#### What to produce
What is needed is the exact text of each line in the listing below from the one with "Looking at the" up to and including the one with "1年生は、生活科「もうすぐ2", and no pictures.

#### Supplied entries
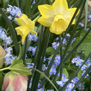 新しい水仙が咲きました。 足元は勿忘草だらけです。 水仙を引き立ててくれる有り難い花です。
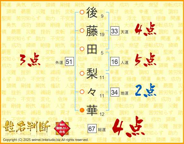 後(9画)藤(19画)田(5画) 梨(11画)々(11画)華(12画)
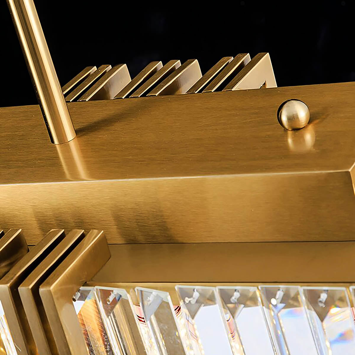 This breathtaking rectangular pendant light features cascading rows of precision-cut crystals framed by sleek, gold-toned stainless steel, creating a mesmerizing play of light and reflection.
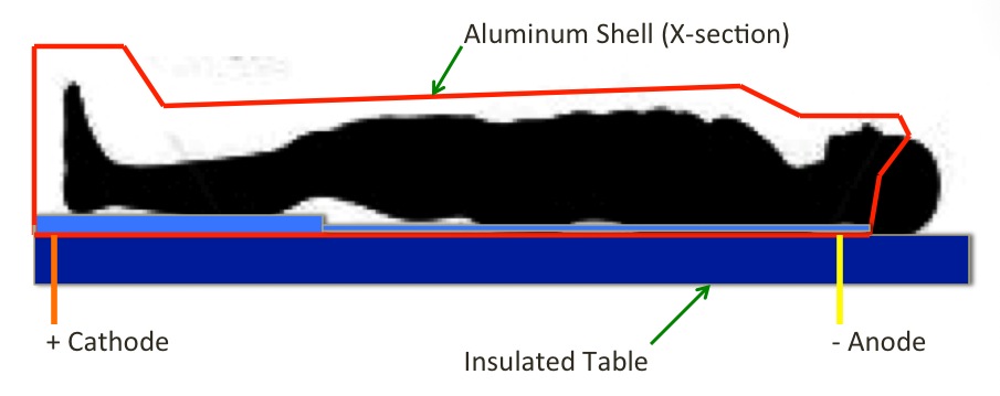 As an example of life extension; a person at 50 years of age, could visit a facility and be placed in one of the aluminum shells. After a brief calculation is performed, an electric charge is sent through the shell which regresses the body tissues to a time of about 30 years of age. The electric charge lasts a small fraction of a second. The patient can immediately sit up. There is no recovery period associated with traditional surgeries.
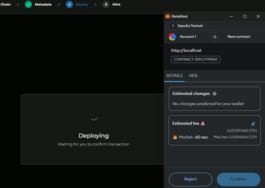 After confirming, please wait while the backend processes and verifies the deployment. This may take a few moments, depending on the network congestion
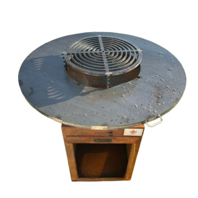 Ce brasero est un véritable indispensable pour une cuisine extérieure à la fois moderne et conviviale. Fabriqué en France à partir d'acier COR-TEN de 3 mm d'épaisseur, ce brasero est exceptionnellement résistant. La plaque de cuisson de ce brasero mesure 6 mm d'épaisseur pour le diamètre 60 et 10 mm pour toutes les tailles supérieurs, Ce brasero dispose d'un système d'arrivée d'air innovant qui facilite l'allumage et accélère la montée en température de l'anneau de cuisson. Il dispose également d'un tiroir à cendres intégré dans son socle pour faciliter le nettoyage du brasero après utilisation. Les socles proposés disposent chacun de larges espaces de rangement qui vous permettent de stocker vos bûches à portée de main. Ces braseros vous permettent d'accueillir entre 6 et 28 convives, en fonction du diamètre de plaque choisi. Découvrez aussi notre second modèle de brasero en corten avec sa grille de cuisson surélevée intégrée.Comment entretenir votre brasero en corten ?
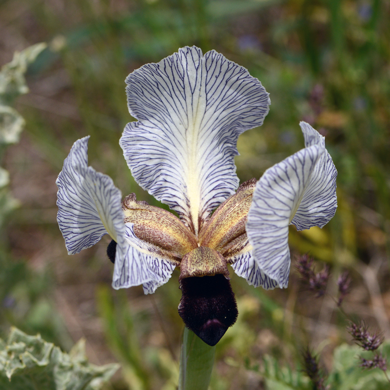 Looking at the close-ups of this particular Iris species, you won't be surprised to find that gardeners are very keen to get hold of it. The flower colours are variable though and the standard (upright petals) can be whitish with distinct darker veins like this one, deep purple, pale blue or even pale yellow while the falling petals can be deep almost black-violet to golden yellow. Irises have been used in herbal medicine since ancient times and sometimes have antiviral and anti bacterial properties. They have even been used to treat cancer.
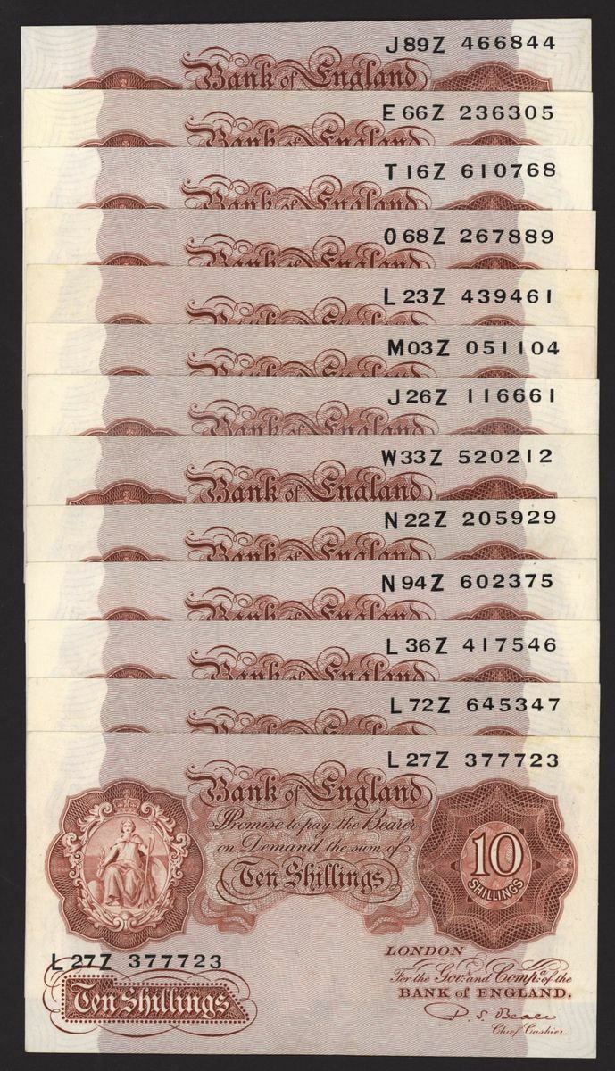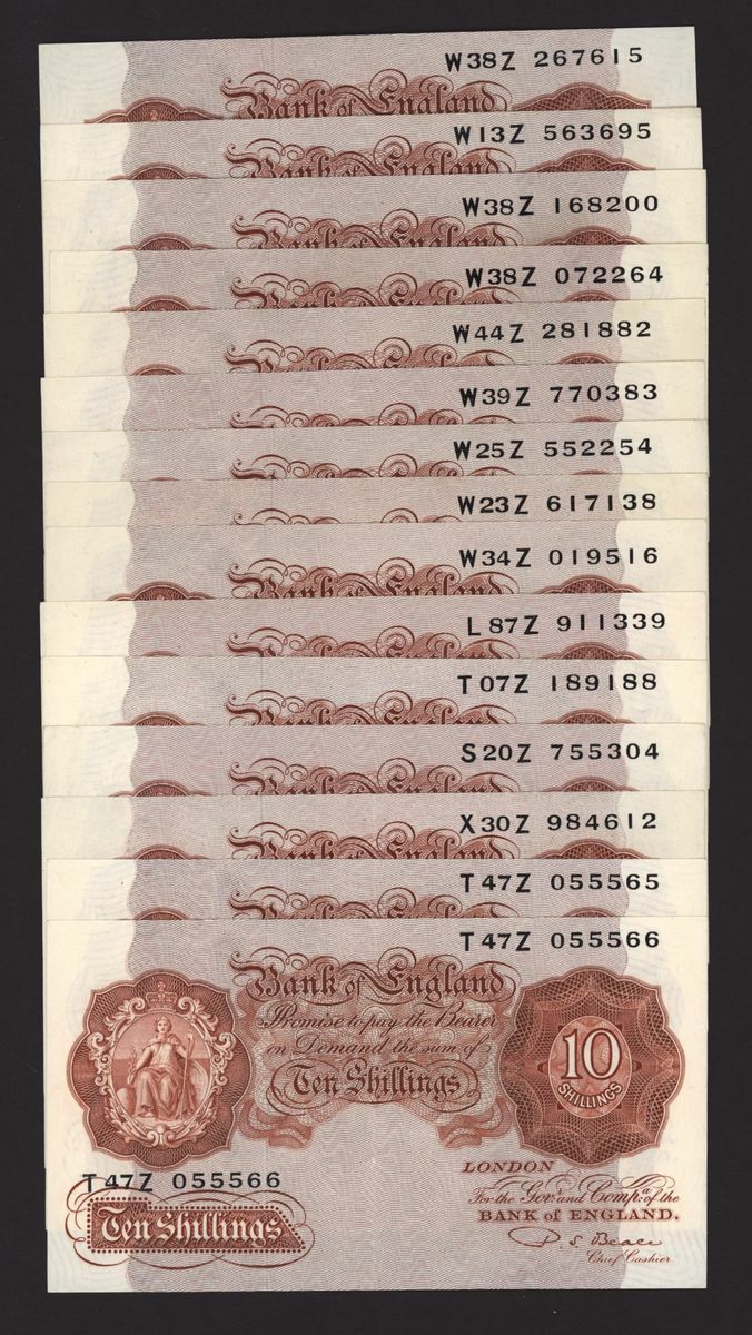 Bank of England, [28 notes] 10 Shillings, London, ND (1950), P. S. Beale, (Pick 368b, EPM B266), extremely fine (28 notes)
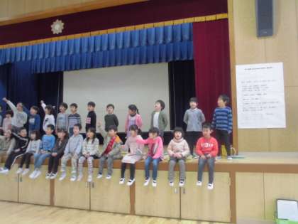 1年生は、生活科「もうすぐ2年生」ということで、学習してきたことを各グループごとに発表していました。
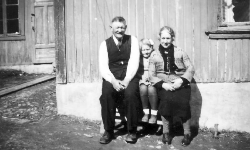 Bildet er tatt i Kobbervikdalen, som barn sa vi " Dælane". Det er mine besteforeldre Bertha Johansen og Karl Johansen som sitter her. Klemt innmellom sitter min kusine Ingjerd Brunes ( Johansen) Karl f. d.1948 Bertha f. 1874 d,1957 Ingjerd f, 25.09.1939
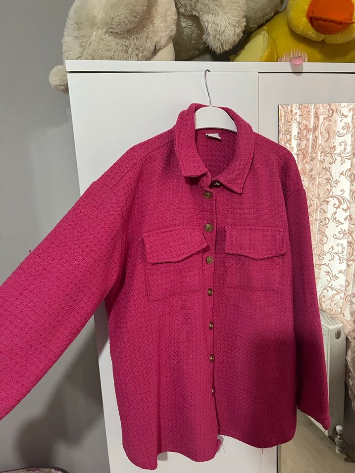 Pembe parlak renkte, düğmeli ve kesik yaka detaylı Uzun kollu, bol kesim Midi boyda, günlük rahat kullanıma uygun.

#### Exercise result
 Looking at the close-ups of this particular Iris species, you won't be surprised to find that gardeners are very keen to get hold of it. The flower colours are variable though and the standard (upright petals) can be whitish with distinct darker veins like this one, deep purple, pale blue or even pale yellow while the falling petals can be deep almost black-violet to golden yellow. Irises have been used in herbal medicine since ancient times and sometimes have antiviral and anti bacterial properties. They have even been used to treat cancer.
 Bank of England, [28 notes] 10 Shillings, London, ND (1950), P. S. Beale, (Pick 368b, EPM B266), extremely fine (28 notes)
 1年生は、生活科「もうすぐ2年生」ということで、学習してきたことを各グループごとに発表していました。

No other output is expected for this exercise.